Gina: I think that’s another important role that HX can play is to continue to help drive that activity and make sure when they come here they have a great experience, they see the right kind of companies, the right institutions in Houston and that we continue to build on that momentum. I think as exciting as all these companies or venture funds coming from outside, we continue to see more and more family offices focused on venture investing. Some of the private equity firms are carving off a piece to focus on venture, and then there’s a host that are opening an office here or starting a fund here, and so I think all those things will continue to build over time.
Blair: Yeah, absolutely, all together. I know people will look back and they’ll look at the stats: the PitchBook stats or the PwC MoneyTree stats and they’ll say, how much capital is actually being invested in Houston? One of the things I’ve constantly said there is, that is one data point, but the key thing is at those early stages, a lot of times, angel investors or family offices, they won’t register the data with the appropriate services. We do because we’re a venture fund and they know how to reach us, but all those groups. And so I don’t think we’re going to see the data improve for probably a couple more quarters, you know, for all that to move forward.
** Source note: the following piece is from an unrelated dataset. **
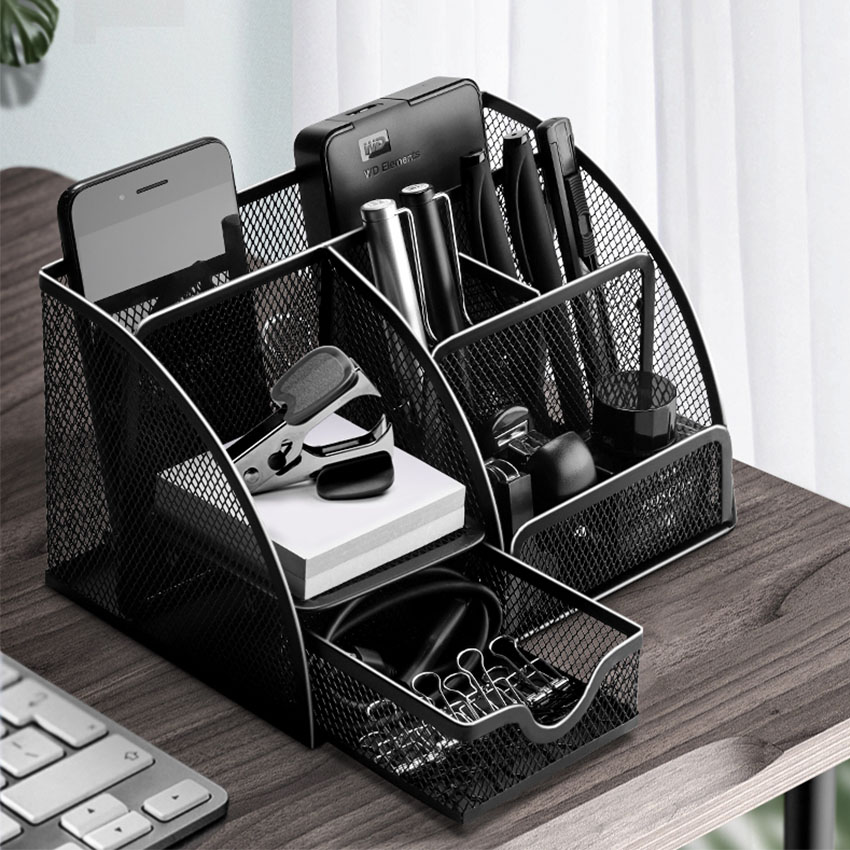 Hộp đựng bút để bàn dạng lưới thép thẩm mỹ, giúp bàn làm việc, bàn học gọn gàng, ngăn nắp.

Gina: I think that is so true and I’ve seen that often with entrepreneurs and people in the community that I talk to. They’re writing checks and nobody’s reporting that to—
Blair: Well, it’s private, right? They don’t want to disclose that data.
Gina: That’s right. Which is fine. We want them to continue to write those checks and fund those entrepreneurs. So, we could talk all day, clearly, but it’s great to have you. I want to say thank you for all you have done and continue to do for the Houston ecosystem and for entrepreneurs, and I feel like we’re going to be sitting here in five years giving each other a big high five.
Blair: Well, we need to do another bus trip in Santa Fe and look back and say, hey, look and see all we’ve accomplished.
Gina: That’s right. I’ll look forward to that.
Blair: It’s been great.
Gina: And that wraps up my discussion with Blair Garrou, Co-founder and Managing Director of Mercury Fund. I’m Gina Luna, and this is HXTV.